Originally from Alabama, I developed a cross-cultural perspective from a career in international development. Ranging from the disappearing old South, to the populist spirit of D.C.’s storefront churches, the vibrant street life of Naples, solemn cremations on the banks of the Bagmati, etc., my subjects are eclectic. They reveal themselves in a more or less documentary style, though I truck with irony, draw out people, and seek integrity in a confused array. I love a crowded and vivid frame and believe a good photo is exponentially more significant than its mere representational process should permit.

Using deliberate 4X5 view camera studies early on and now prolific hand-held photography, I have traveled widely and keenly. I am frankly in love with the world and all its elements, no matter how humble, and do my part to add value to it. I seek, as James Agee wrote of Walker Evans, “the peculiar kinds of poetic vitality which blaze in every real thing.” My photos both ground me and raise me up. They teach me to see better—with or without a camera.

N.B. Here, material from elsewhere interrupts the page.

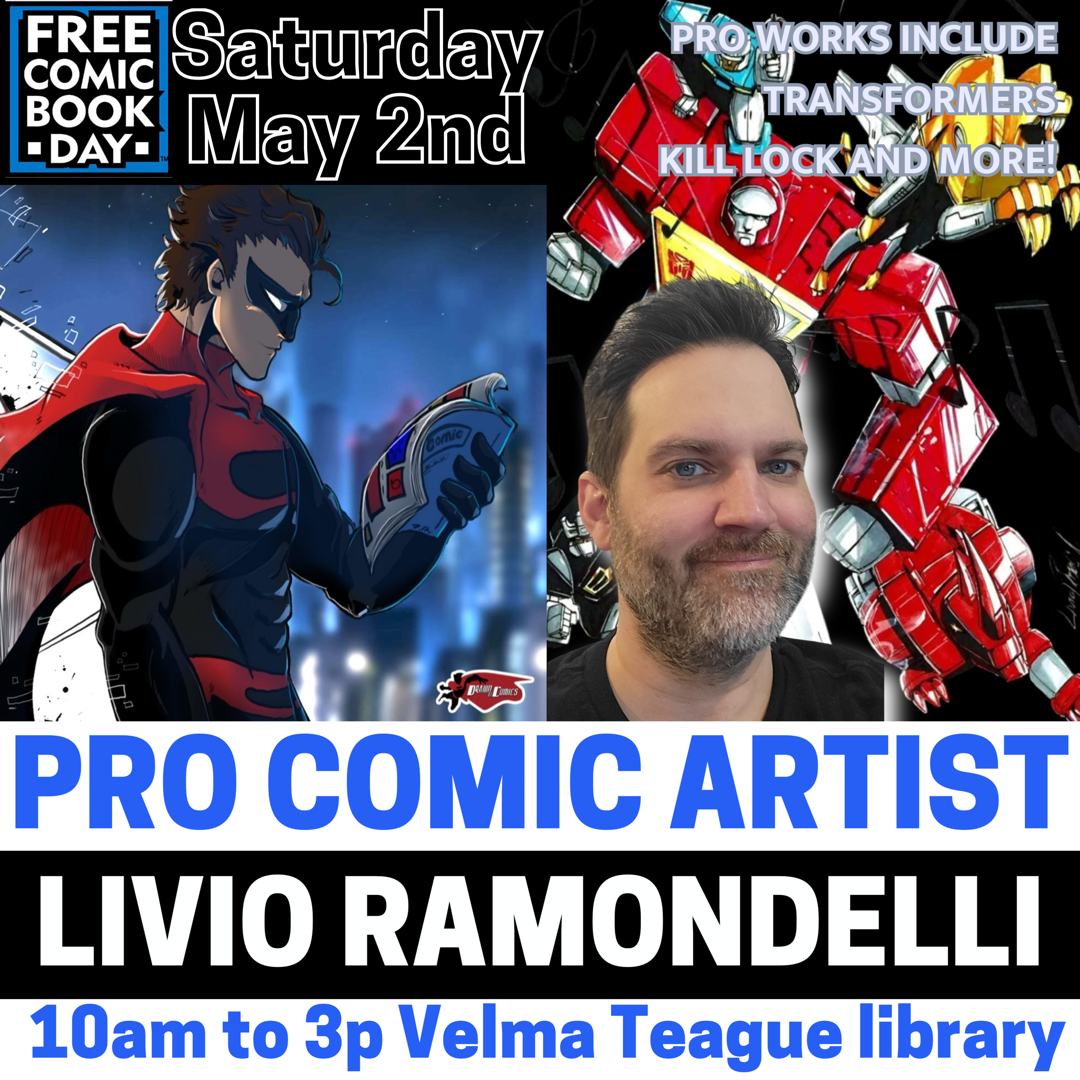 Livio Ramondelli artist of IDW & Skybound Transformers projects will be a guest at this year’s Drawn To Comics FCBD Festival. Livio will be offering the following items at this year’s event.

I believe I have discovered, through photography, my superpower: a resonant form of seeing that is both seeking and finding. Rather than create art from scratch, I study my surroundings and grasp at the value offered by ordinary people, scenes, and artifacts of life. Simeone Weil reminds us, “Attention, taken to its highest degree, is the same thing as prayer.” Through a lens I find moments of clarity and epiphany. I see something worthy before me, something that plugs me into the universe in an intimate, piercing way, something that needs to be scrutinized and organized into a photo. I thus capture a moment and add to my—and I hope your—stock of available reality.

My photos are in the Library of Congress and the Smithsonian National Museum of American History. I have had four one-person and 26 juried shows in the U.S. and internationally. I taught photography at the Torpedo Factory Arts Center and Mount Vernon College.